The survey revealed startling figures on the amount of money SMEs believe could be saved by shopping around for better deals. More than a quarter (28 per cent) thought between £5,000 and £20,000 could be saved, while 15 per cent thought the same of up to £50,000. Based on these estimates, each SME could save £19,663 each year through smarter procurement.
The research indicated, however, that these figures are likely to fall in the future. Of the small businesses we questioned, 70 per cent said more attention is being paid to how much goods and services and being brought in at; far more than in the past.
As an overall trend, the study showed the majority of small businesses believed a smarter procurement function – buying the goods and services that enable an organisation to operate more efficiently and effectively – would play a more important role than sales and marketing.
Why, then, aren’t SMEs already doing more? Perhaps to answer this question we should register the enormous time and effort that goes into making sure prices are competitive in the extreme. With the internet, admittedly, it is now possible to search every possible cost that’s out there, from here to Timbuktu and everywhere in between, but that doesn’t make it any less time consuming.
It’s not just about price, either. Business relationships are hard won, and when a bond is developed over many years, trust develops. Crucial to this, however, is knowing that the price is right, that neither side is taking advantage.
This is somewhere technology will increasingly be able to help more. With invoices being processed digitally, the valuable data on prices paid is quickly becoming far deeper than it has ever been possible to dig in the past, especially with limited resource.
SME bosses will be able to see through spend analytics how much they’ve paid to whom at the click of a button, and compare it with the other options in the marketplace via the internet. These will be tailored by sector, location and viability.

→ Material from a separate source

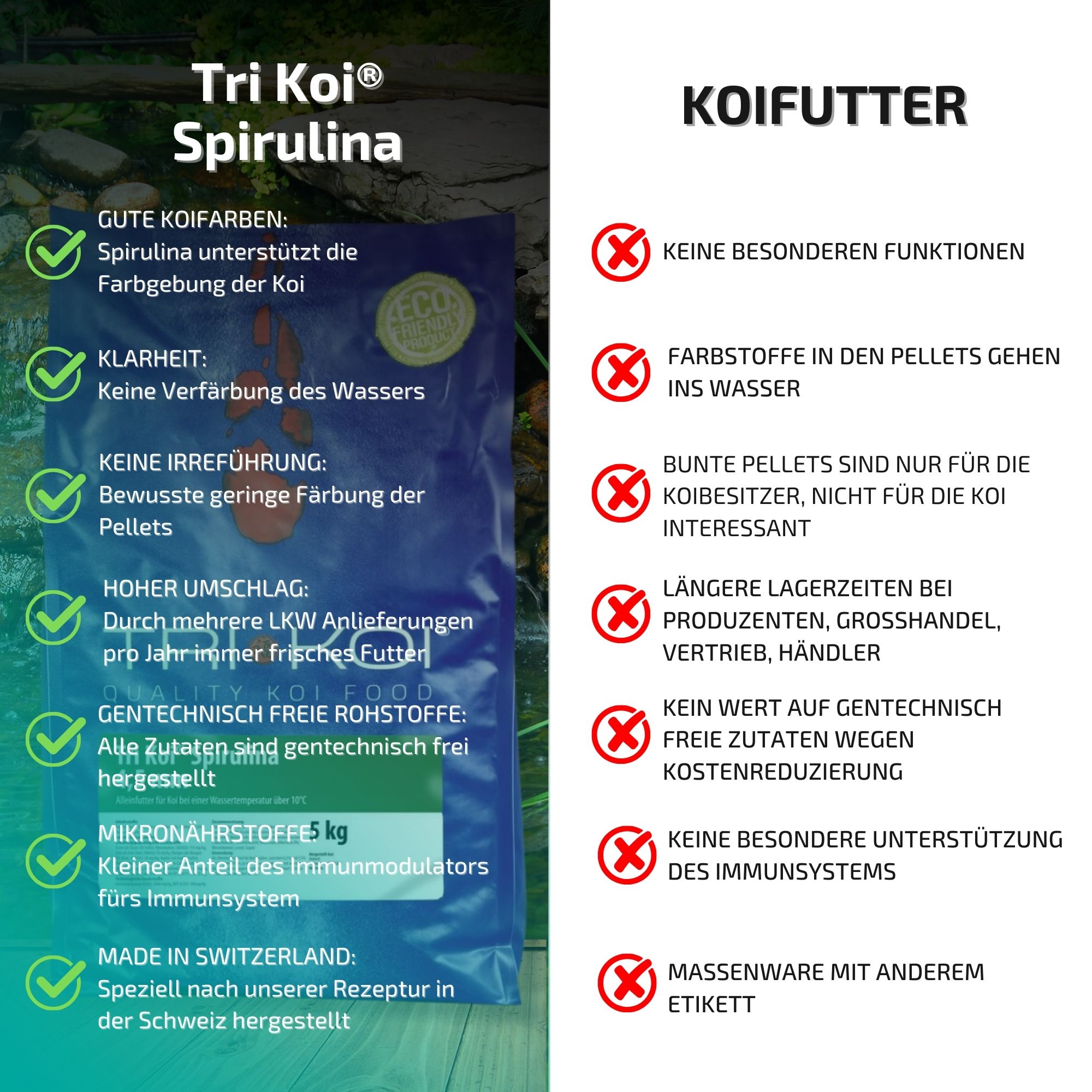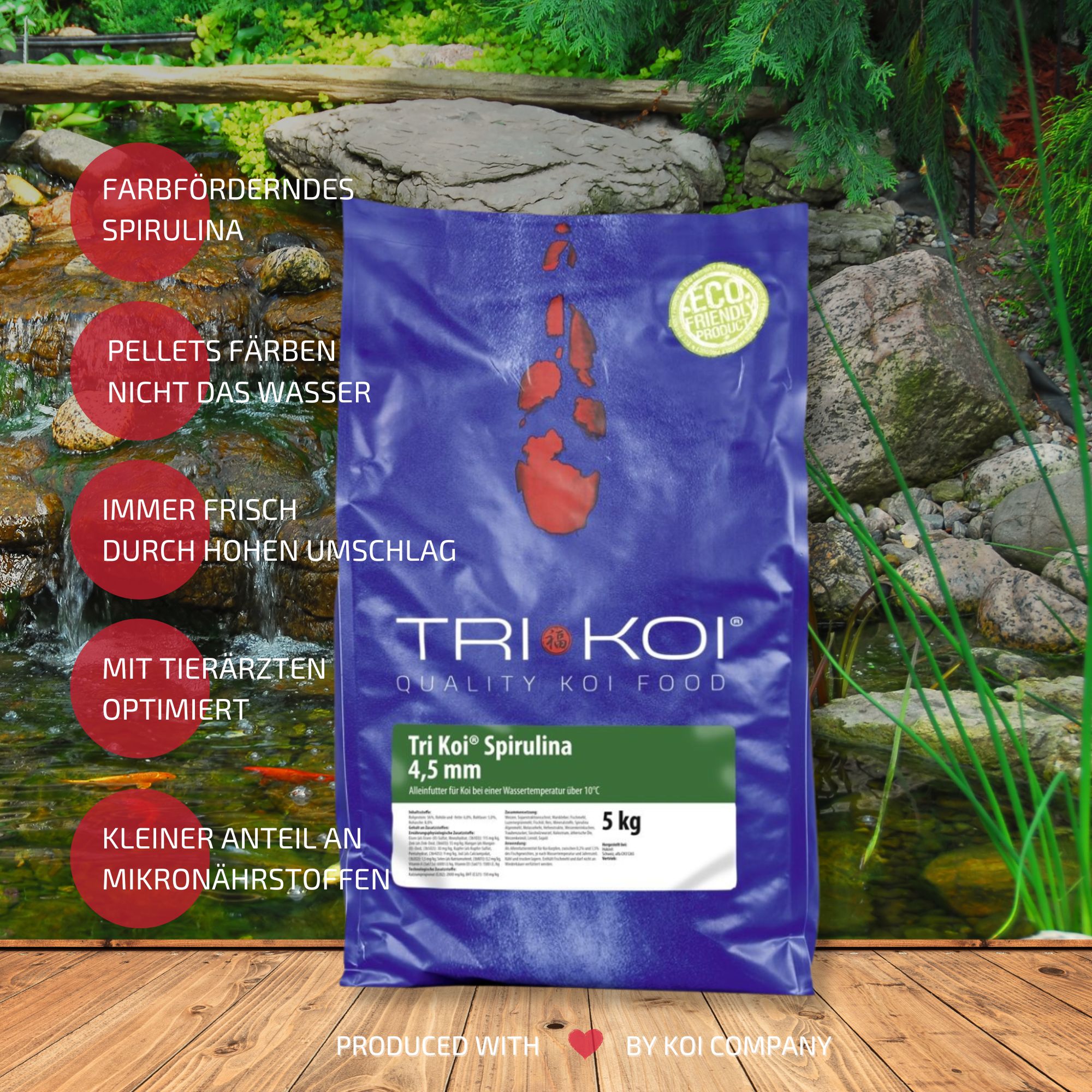 Bedingt durch unseren hohen Verbrauch erhalten Sie unser Tri Koi® Futter Spirulina immer absolut frisch.
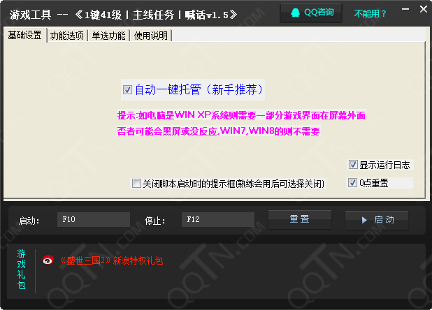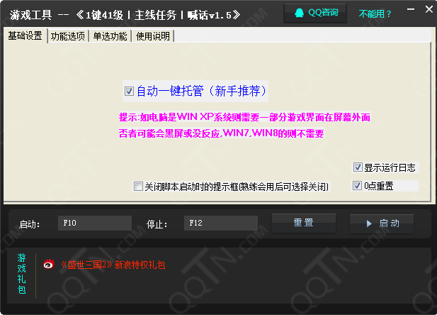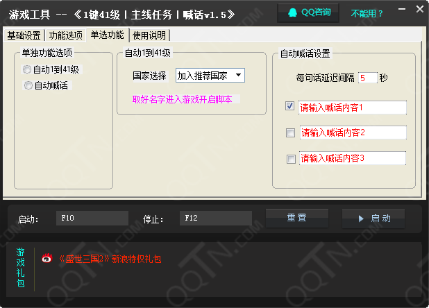 4.在盛世三国2辅助工具中“启动”“盛世三国21键41级|主线任务|喊话v1.5”

That’s why it’s important buyers and suppliers communicate openly. If conversations about pricing don’t need to involve lengthy investigations, the communication that does happen can be about the future – where efficiencies can be made, what innovation is necessary, how shared targets can be introduced. This transparent, open collaboration between buyers and suppliers, who are both experts, would lead to growth for all parties. I believe transparency, after all, is the essence of good business – and something many SMEs are clearly looking to achieve more of.